FIG. 4 is a diagram showing electric power generated by the solar cell system on the day corresponding to time.

[Explanation of symbols]

 1 Solar Cell Unit 2 Air Conditioning Unit 3 Hot Water Supply Unit 4 Control Device 5 Inverter 7 Heat Exchanger (Radiator) 8 Heat Exchanger (Heat Absorber) 10 Heat Storage Tank (Radiator Side) 11 Heat Storage Tank (Heat Absorber Side) 13, 14 , 18 Circulation control valve 16, 17 Hot water storage tank 30 Control means 31 Air temperature data section (reverse power flow means) 32 Electric power prediction means (reverse power flow means) 33 Judgment means (reverse power flow means) 35 Capacity sensor 36 Solar radiation detection sensor

Claims (1)

[Claims] 1. A solar cell unit that obtains electric power by irradiation of sunlight, a heat pump unit that operates by power supply from the solar cell unit, and a radiator and a heat absorber of the heat pump unit are arranged in a tank.

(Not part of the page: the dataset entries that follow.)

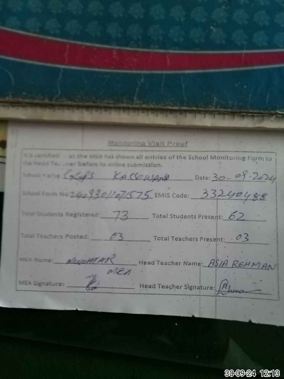 | Name: AS**** RE**** Designation: (School Headmaster's/Headmistress's) SST Phone/Cell Number: 03**** |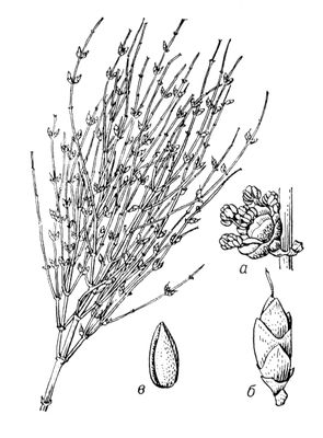 Эфедра хвощевая, ветвь цветущего пестичного растения; а — тычиночный колосок (собрание микростробилов); б — семезачаток со стерильными кроющими чешуями; в — семя.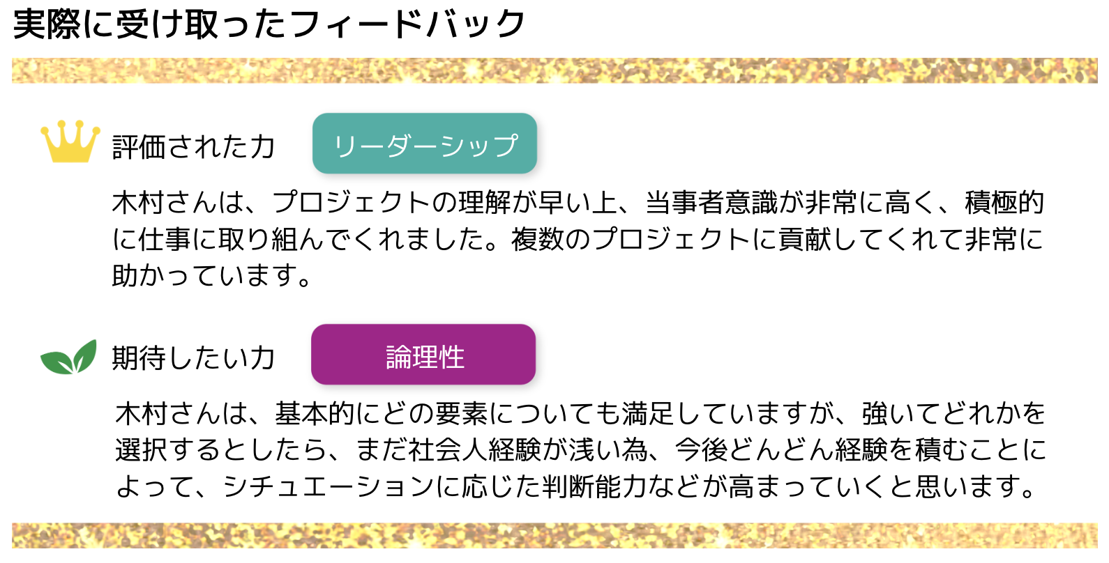 毎月届くフィードバック(Kotonaru Power 8:注1)には、評価点(評価された力)と改善点(期待したい力)が具体的に明記されており、日頃のミーティングではなかなか聞けない点や見落としていた点を発見することができます。前の月の振り返りだけでなく、今月どこを重点的に改善すべきなのか、具体的に計画する機会を与えてくれるため、大変大きな助けになっています。
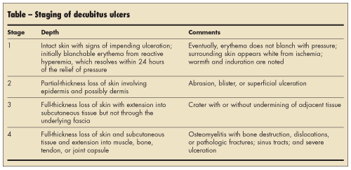 Staging. Decubitus ulcers are categorized in 4 stages based on their depth of penetration (Table).1 Keep in mind that a patient can present with multiple decubitus ulcers in various stages (Figure 1).

An air conditioning unit having two heat storage tanks that store the internal water as high temperature water and cooling water and an air conditioner that heats and cools the room by circulating the high temperature water or cooling water, and a predetermined amount of water in the tank. A hot water storage tank that stores the supply water and that absorbs heat from the heat storage tank on the high-temperature water side of the air conditioning unit in alternate cycles, and controls the solar cell unit, air conditioning unit, and multiple hot water in alternate cycles. It is equipped with a controller that controls the supply of heat to one of the tanks, and an inverter that converts the electric power obtained from the solar cells into an alternating current. Predict the power value required for unit operation, compare this necessary power value with the power value of the solar cell unit occurring on the day, and based on the comparison result, the surplus generated by the solar cell unit. An air conditioning and hot water supply system using a solar cell system, comprising: a reverse flow means for reversely flowing the electric power of the above into an electric power company through the inverter.